Blatt argued that Congress moved in stages to effectively strip the tribe of its reservation, first taking the land and then its sovereignty by limiting tribal government. She said that at the time respondent Patrick Murphy committed murder in Henryetta, Okla., in 1999, the area was state soil.

But Creek Nation lawyers have argued that Congress never explicitly enacted legislation dissolving the tribe and so it still exists. “The text is what governs,” argued Ian Gershengorn, “and Congress considered [disestablishment] and rejected it.”

But Oklahoma pointed to the transfer of hundreds of tribal criminal cases to state courts upon statehood in 1906 as a sign that the reservation was being phased out.

“Everything was washed away,” Blatt said of the tribe’s sovereignty. “The only authority they had was to level allotments and sign deeds.”

Deputy Solicitor General Edwin Kneedler, supporting Oklahoma, warned that the consequences of recognizing the area as a reservation now “would be a stark departure from how everyone has understood it over the past 100 last years”.

“There are life-altering consequences,” Blatt added.

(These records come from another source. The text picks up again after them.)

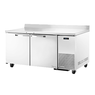 Optimize your kitchen efficiency with the True Manufacturing TWT-67-HC~SPEC3 Refrigerated Counter. This two-section work top refrigerator is a game-changer for commercial restaurants. With its SPEC Package 3, it offers a 16-gauge stainless steel top with a rear splash, ensuring durability and easy cleaning. The stainless steel front, sides, and back add a sleek and professional look to your kitchen. Inside, you'll find a spacious stainless steel interior with four shelves, providing ample storage for your ingredients. The two heavy-duty stainless steel doors come with steel handles and a door lock for added security. The electronic temperature control with a digital display allows you to easily monitor and adjust the temperature. With 5" castors and a side mount front breather, this refrigerator is easy to move and position in your kitchen. It runs on R290 Hydrocarbon refrigerant and has a 1/10 HP motor, ensuring energy efficiency. Made in the USA, this True Manufacturing Refrigerated Counter is cULus and UL EPH Classified, guaranteeing its quality and safety. Upgrade your kitchen with this reliable and efficient work top refrigerator.
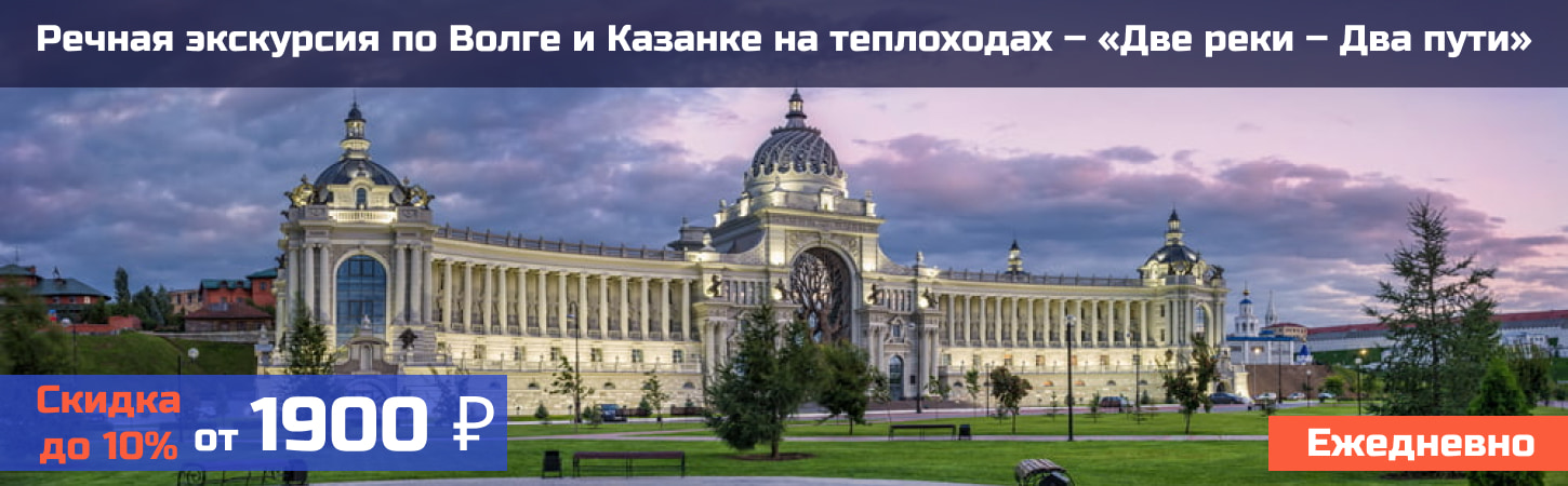 Речная прогулка на теплоходе по Волге и Казанке – это прекрасная возможность посмотреть окрестности Казани и насладиться приятной атмосферой на борту теплохода. Экскурсия на теплоходе с прекрасными видами на акваторию Волги, вкусным завтраком, ужином от шеф-повара или вечерний круиз с живой музыкой и дискотекой не оставят равнодушным ни одного путешественника.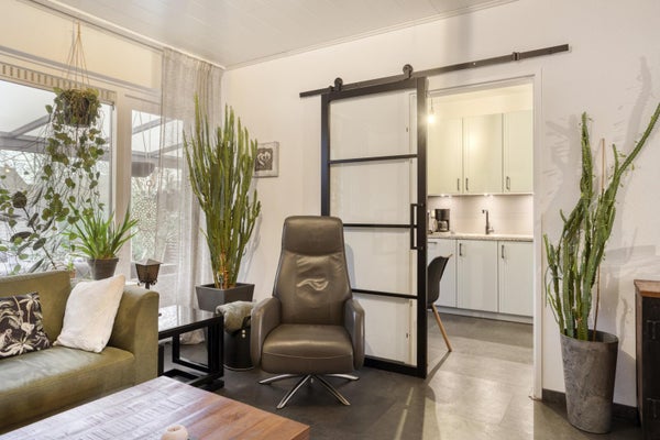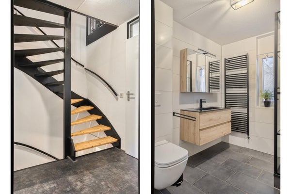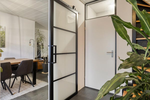 Bij binnenkomst valt direct de lichte hal op, met een stijlvolle schuifdeur naar de woonkamer. Hier bevinden zich ook het toilet, de meterkast en de trap naar boven. De woonkamer is opvallend licht en sfeervol, met strakke wanden en een moderne vloerafwerking. De zwarte schuifdeuren naar de hal en de keuken geven de ruimte een eigentijdse uitstraling en zorgen voor een mooie verbinding tussen de leefruimtes.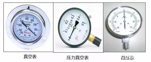 3.压力表按其测量范围,分为真空表、压力真空表、微压表、低压表、中压表及高压表。真空表用于测量小于大气压力的压力值,压力真空表用于测量小于和大于大气压力的压力值,微压表用于测量小于60000Pa的压力值,低压表用于测量0~6MPa压力值,中压表用于测量10~60MPa压力值,高压表用于测量100MPa以上压力值。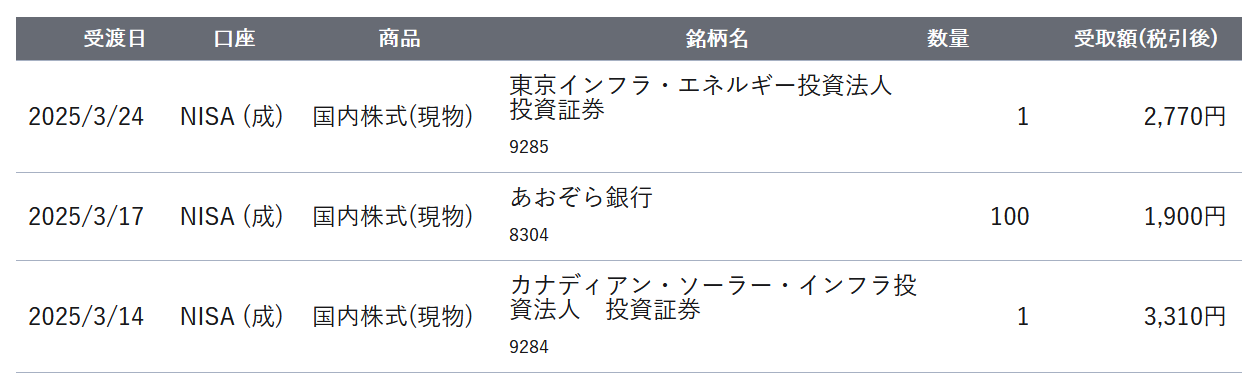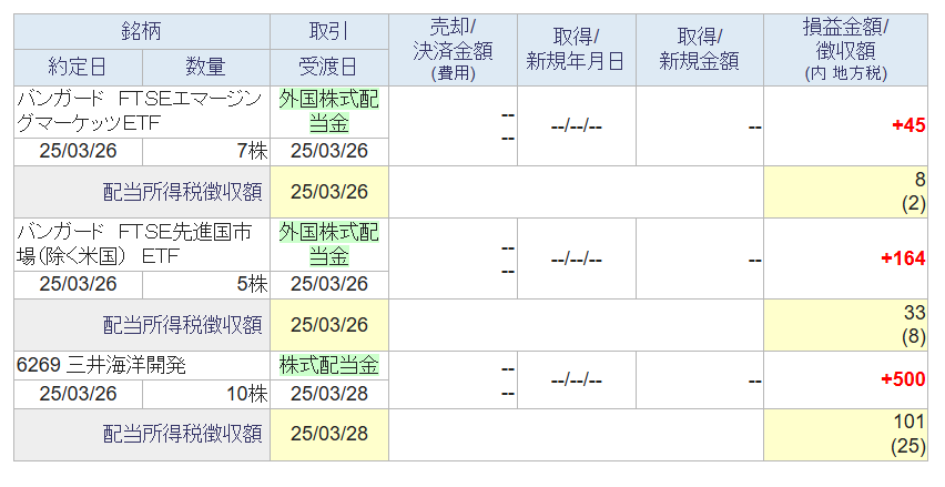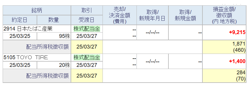 奥さんは3/27にJTとTOYO TIREから配当が入り

She said up to 2,000 state-held prisoners could be freed, including 155 murderers and 113 rapists. Such an upheaval would be “traumatic” for victims, she said, with no certainty that all cases could be successfully retried in federal courts.

Kneedler said clarifying tribal authority over 44 eastern Oklahoma counties could also upend regulatory systems and impact business. Sales taxes, gasoline taxes, and cigarette taxes currently levied by the state in these areas can be waived. “The United States is very concerned,” he said.

The liberal justices of the court were skeptical.

Justices Elena Kagan and Stephen Breyer noted that prior cases on tribal issues had never discussed the notion of sovereignty stripping as a feature of removing a reservation. “It’s not there because we never thought that a government trying to disempower a tribe was relevant to the existence of a reservation,” Kagan said.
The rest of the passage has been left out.